Dear Ronnie Announcer Clarke, I know you have gone public with your decision to quit the kaiso competition following your 10th place in the finals.
We had a long conversation after you told me, before you went public, what your decision was. I respect that decision, since you are a big man, but there are some things I need to tell you, my brother, and I’m doing it publicly.
As Romeo told me the morning after the finals, don’t let “them” make you doubt yourself, man. I told you last year, Calypso Bully is the best calypso satire I have ever heard, and that includes all the Trini songs you can think bout. The performance of that song was absolutely brilliant and, coupled with Everybody Loves Chris, it should have seen you in the top three, for sure.

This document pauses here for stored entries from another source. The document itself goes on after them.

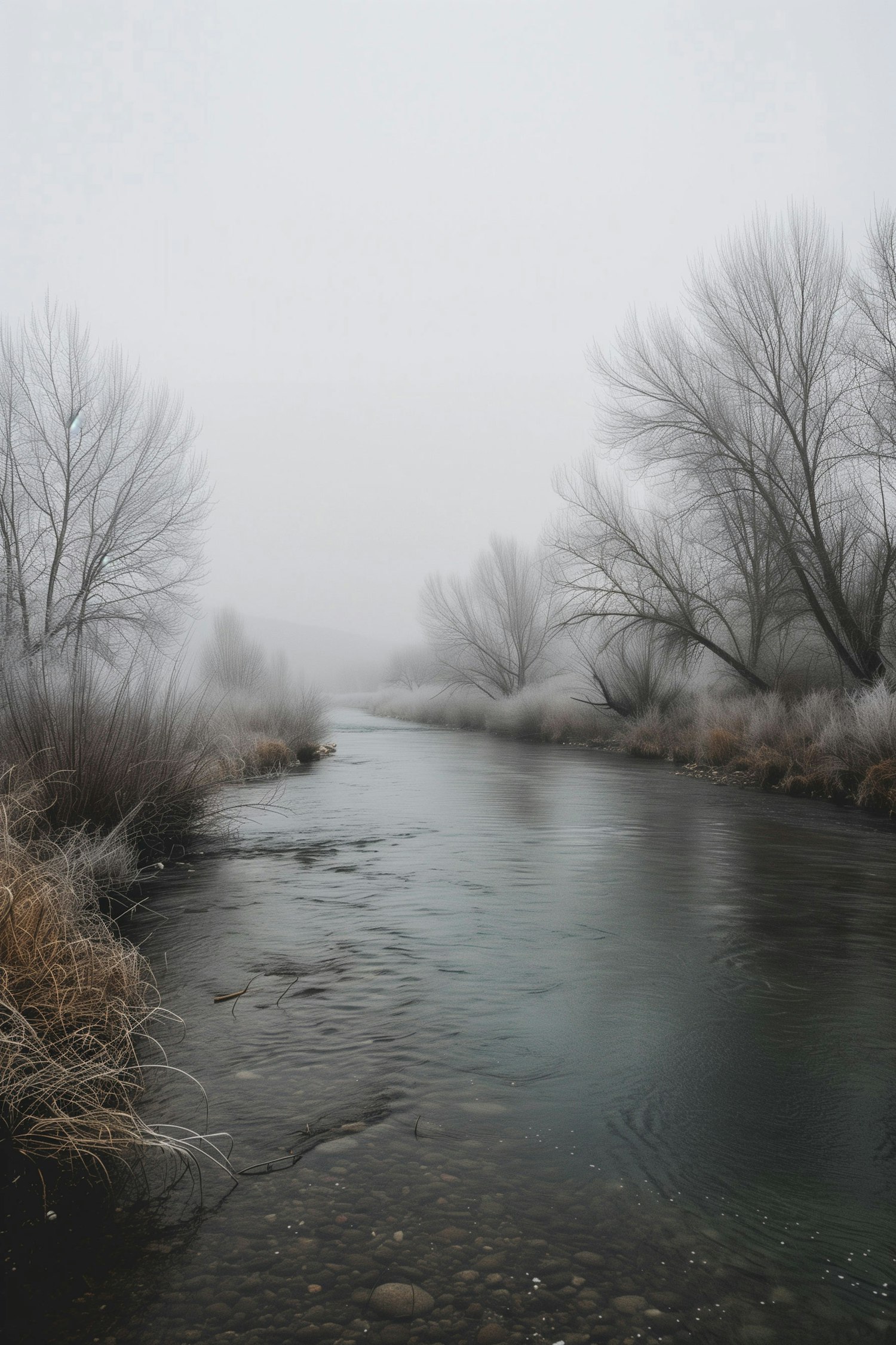 A tranquil river scene with misty trees and frosty grasses, creating a serene winter atmosphere with muted colors and gentle reflections.
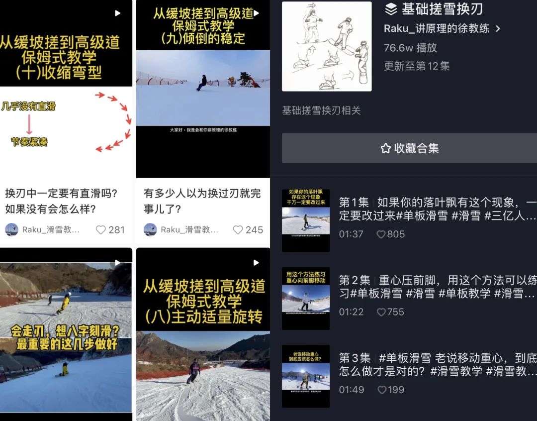 阿徐告诉极客公园,刚刚去不久,他就想离开,但是想到单干也需要积累客源,就多呆了一阵。第二年,他开始运营自己的小红书账号,发布一些教学内容,雪季中途,就离开雪场,成为一名独立教练。现在他还同时运营自己的抖音账号。
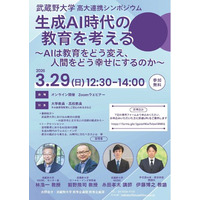 【武蔵野大学】全国の高校・大学教育関係者必見! 高大連携シンポジウムを3月29日(日)に開催「生成AI時代の教育を考える~AIは教育をどう変え、人間をどう幸せにするのか~」
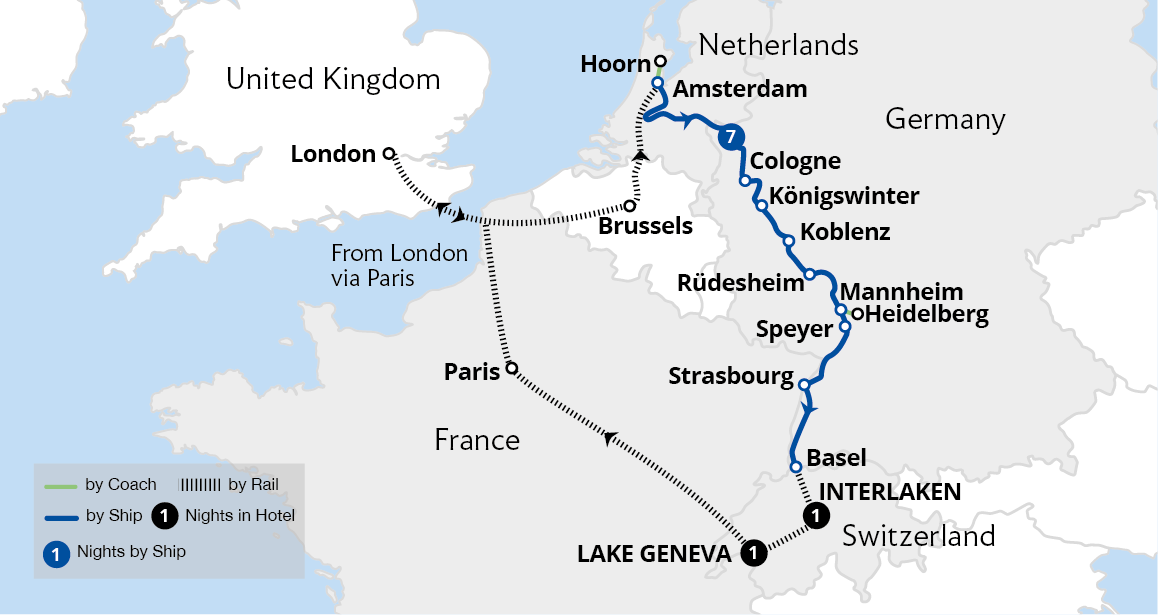 Enjoy one of the world's finest rail journeys aboard the legendary Glacier Express to Zermatt, and admire Matterhorn views from the charming Gornergrat Railway. Descending the Alps, set sail on a sensational Rhine cruise, indulging in luxurious amenities and superb service. Enroute, savour incredible vistas of the stunning Rhine Gorge, wander...
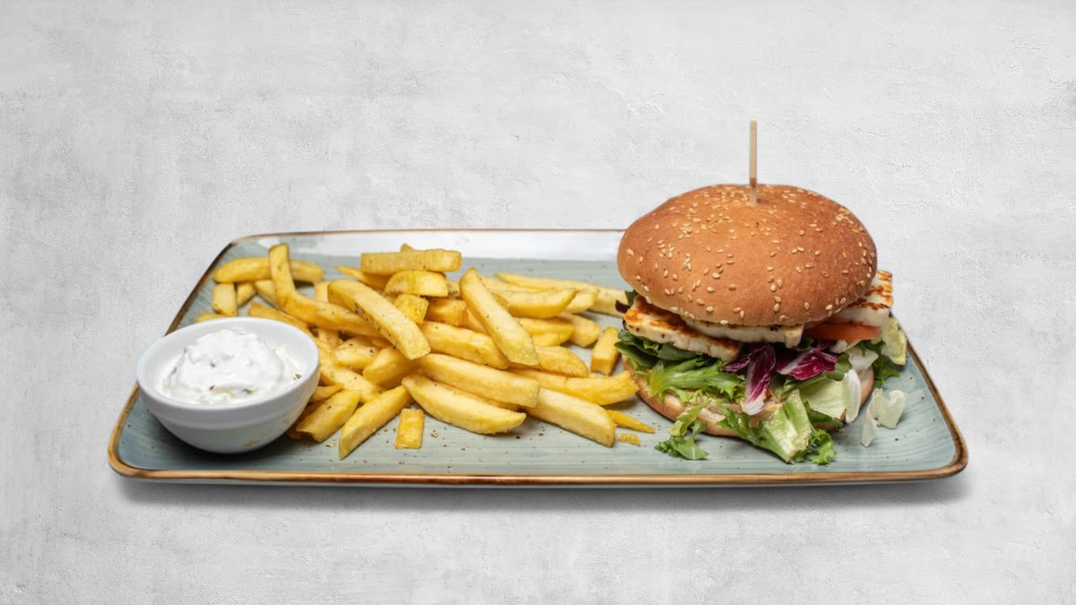 2 beef mince steaks stuffed with feta cheese, served with chips, tzatziki and salad garnish (for us, salad garnish means cucumber, tomatoes, onions and carrots with homemade honey-mustard dressing)
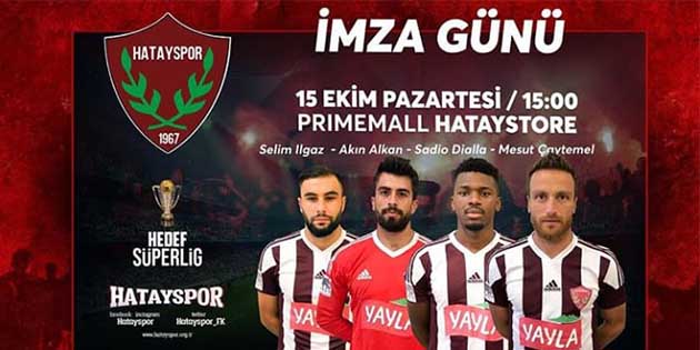 Hatayspor futbolcuları, bugün imza gününe katılıyor. Antakya Palladium AVM merkezindeki Hatayspor Store’deki imza günü saat 15.00’te başlıyor. Burada Hatayspor futbolcuları; Akın, Selim, Tom ile Mesut, taraftarların formalarını imzalayacak, onlarla sohbet edecekler.
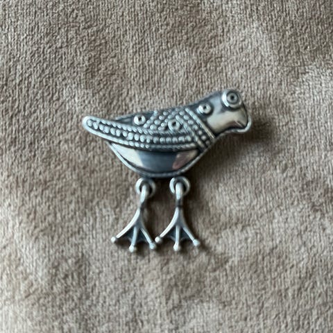 Hopeinen Kalevala lintunen rannekoru. Halkaisija 50mmx60mm. MMM
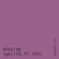 Цвет #99618B в цветовой модели RGB обозначается тремя октетами (153, 97, 139) в десятичном формате и #99618B в шестнадцатиричном (hex) формате, которые являются интенсивностью красного 153 (hex 99), интенсивность зелёного 97 (hex 61) и интенсивность синего 139 (hex 8B).
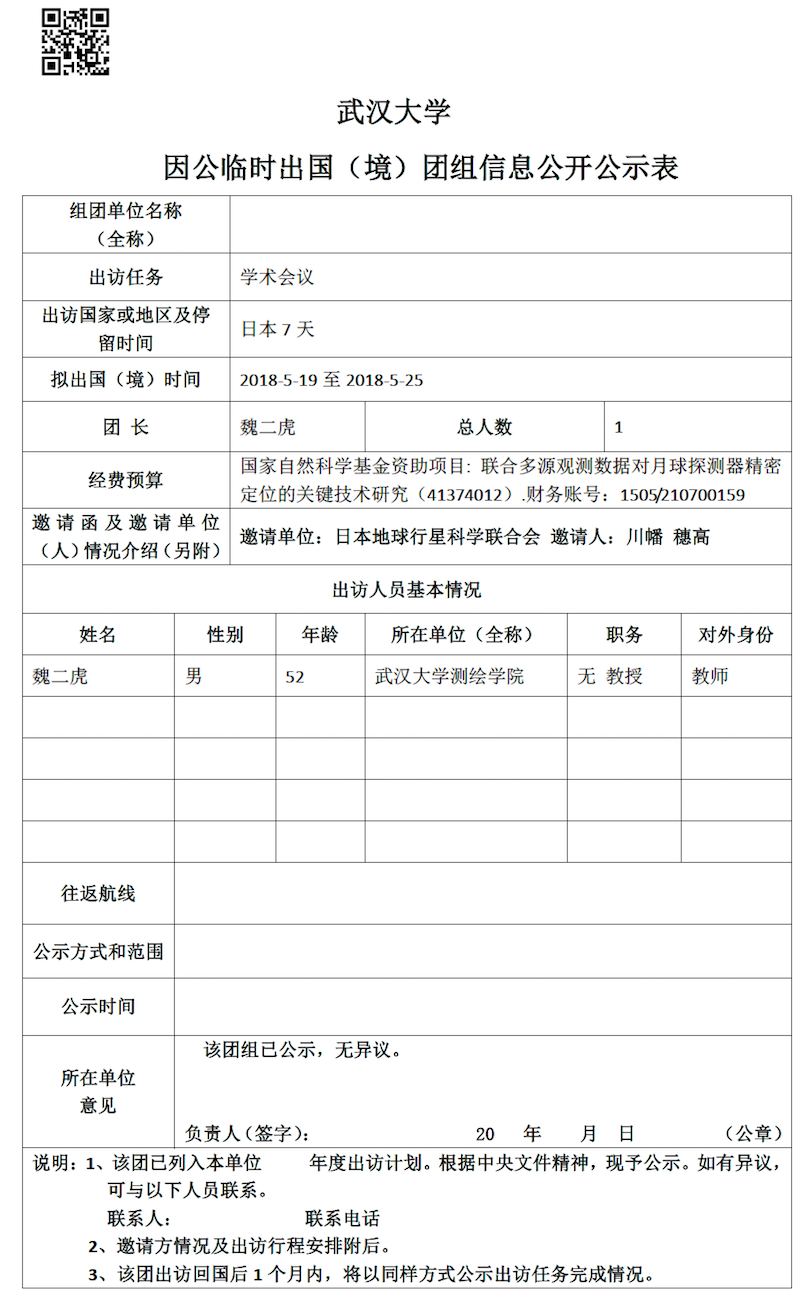 因公临时出国(境)信息公示
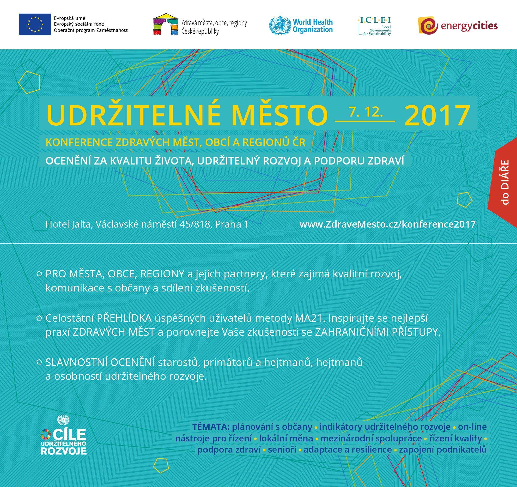 Celostátní přehlídka úspěšných uživatelů metody MA21 je určena pro města, obce, regiony a jejich partnery, které zajímá kvalitní rozvoj, komunikace s občany a sdílení zkušeností. Inspirujte se i Vy nejlepší praxí Zdravých měst a porovnejte Vaše zkušenosti se zahraničními přístupy. Součástí konference je slavnostní ocenění starostů, primátorů, hejtmanů a osobností udržitelného rozvoje.
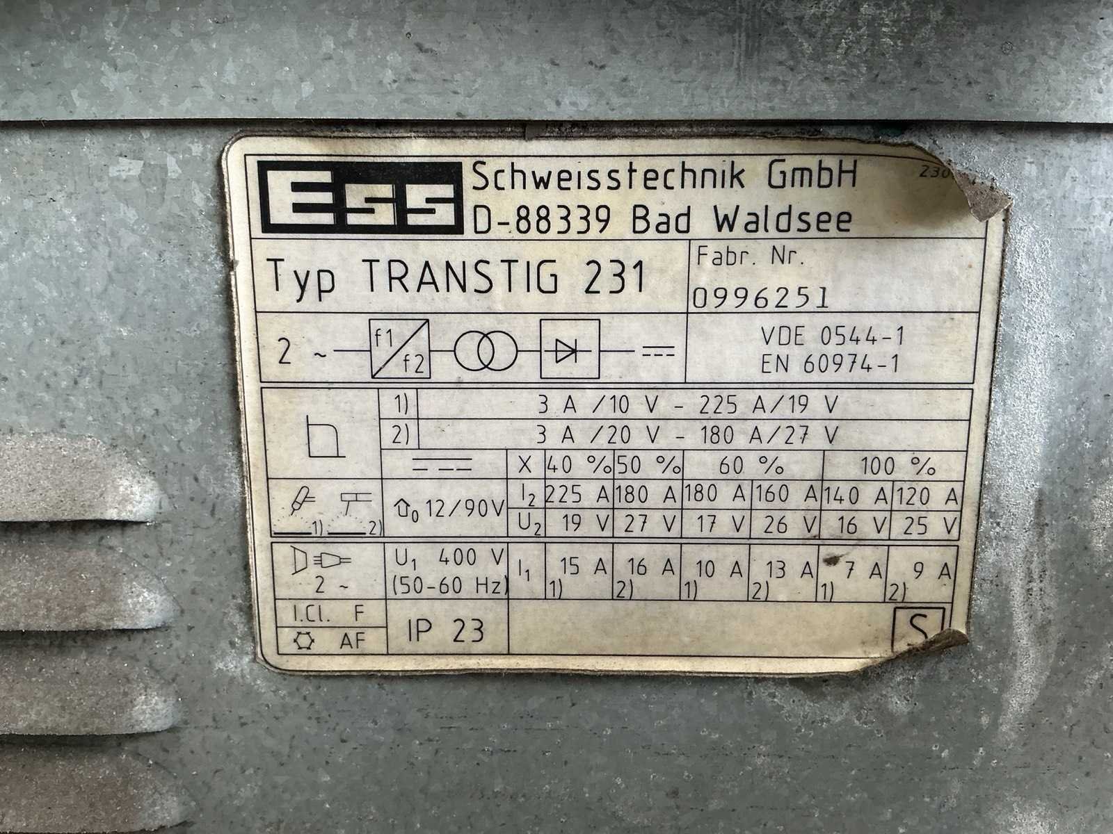 Merk: ESS Type: TransTig 231 Tig type: true Electrode type: true Ampère belasting: 230A Digitale uitlezing: true Aansluiting: 400V
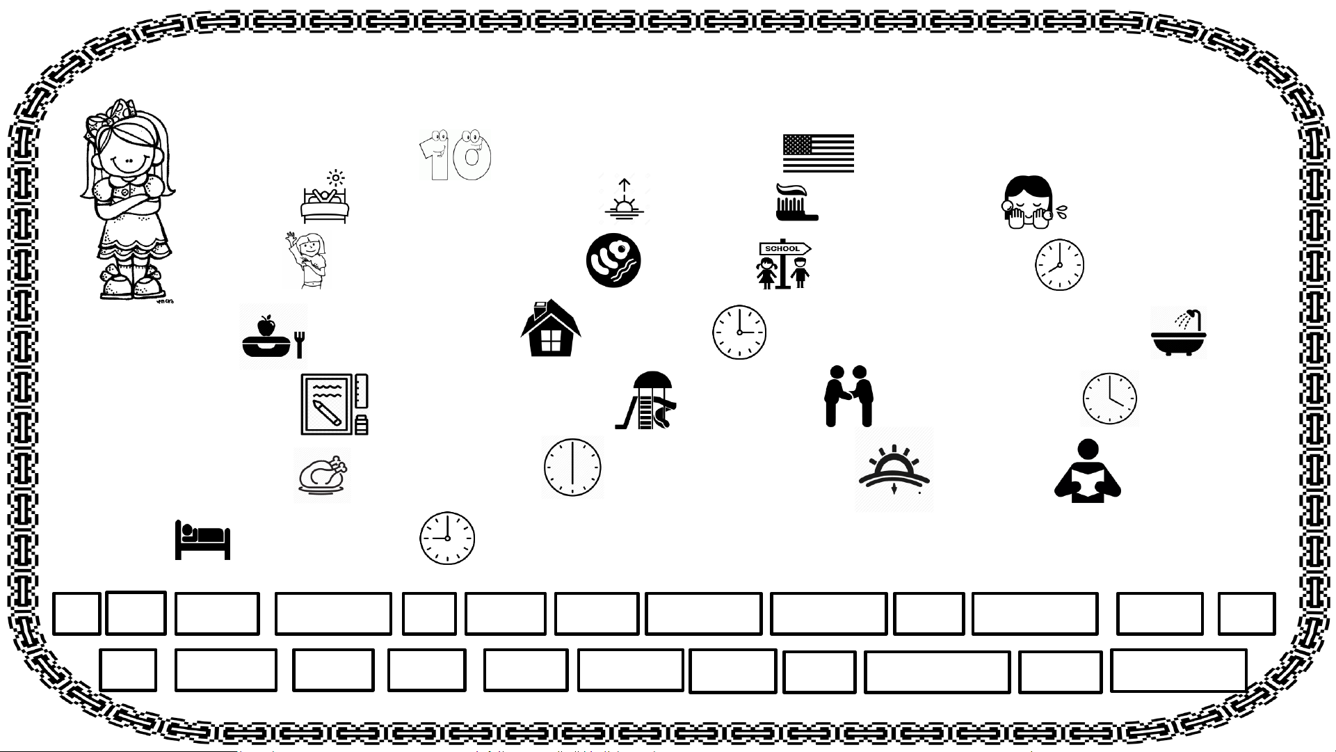 o'clock in the …............ .. .. .. . . I …........... .. .. a book. I ….......... . to bed at …........... .. .. o'clock . go ten have The USA go three meet morning wake up four breakfast home get six shower brush eight nine evening wash read playground lunch homework
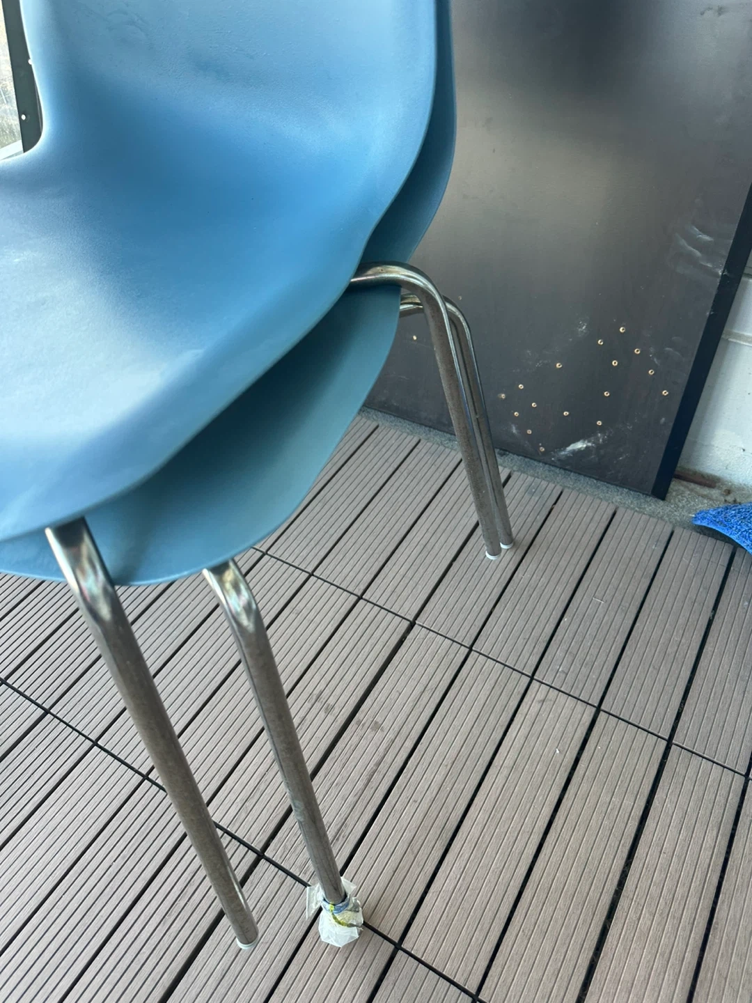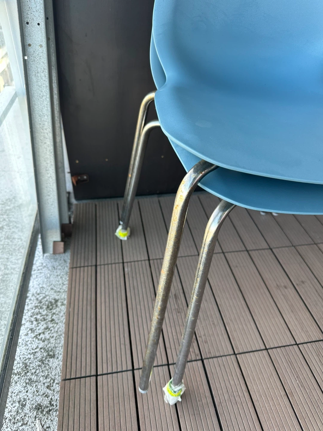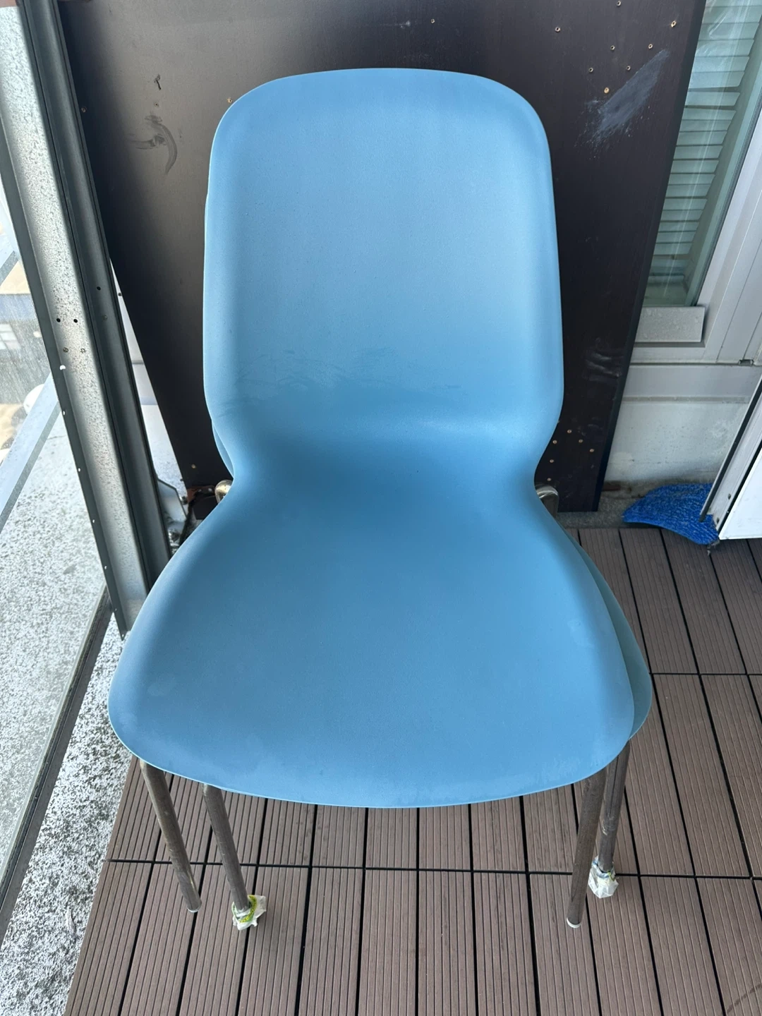 Two light blue plastic chair with sturdy metal legs. It's lightweight and easy to move around. Great for extra seating at home or in an office space!

This year, Barbados Today and Botsytheology were again two very good songs and your placing is a bare joke. You don’t have to tell me about the pain you feel when you know you have been wronged. Believe me, I have been living that experience for 31 years.
What keeps me strong, Ronnie, is knowing why I came into kaiso. It was always about the people and never about the judges. If I remove my voice it will make some people happy, I know, and the same is true of you. You know what, though? For me, dat en gine work. I dey wid de people as long as the Father gives me voice.
The most important thing I have to tell you, Nobby, (I could call you Nobby?) is that I know that you know, as a Christian, that one should not expect justice from man. When it comes, celebrate. However, mortal man often wallows in wickedness and injustice is his banner. Don’t expect justice, Ronnie! We both know whom to look to for justice. You call him Jesus, I call him Jah Rastafari.
We are soldiers in the battle against injustice, Ronnie, and soldiers often fall in the battlefield. Whenever victory is won, though, it is because of the fight put up by those soldiers who have now fallen. We would all love to taste the sweetness of justice but wise people know that pleasure often falls to those who survive.
Like me, Ronnie, I suspect that you did not choose this; it chose you. The Most High gives certain talents to certain people and we must always remember the story of those who wasted their talents. I know that you have said you can find other ways to reach the people but we both honestly know that nothing equates to the semifinals and final stages, when you come and reason with your people, as the Most High intended.
Don’t let “them” stop you, Ronnie. They did not give you your talent; remember who did.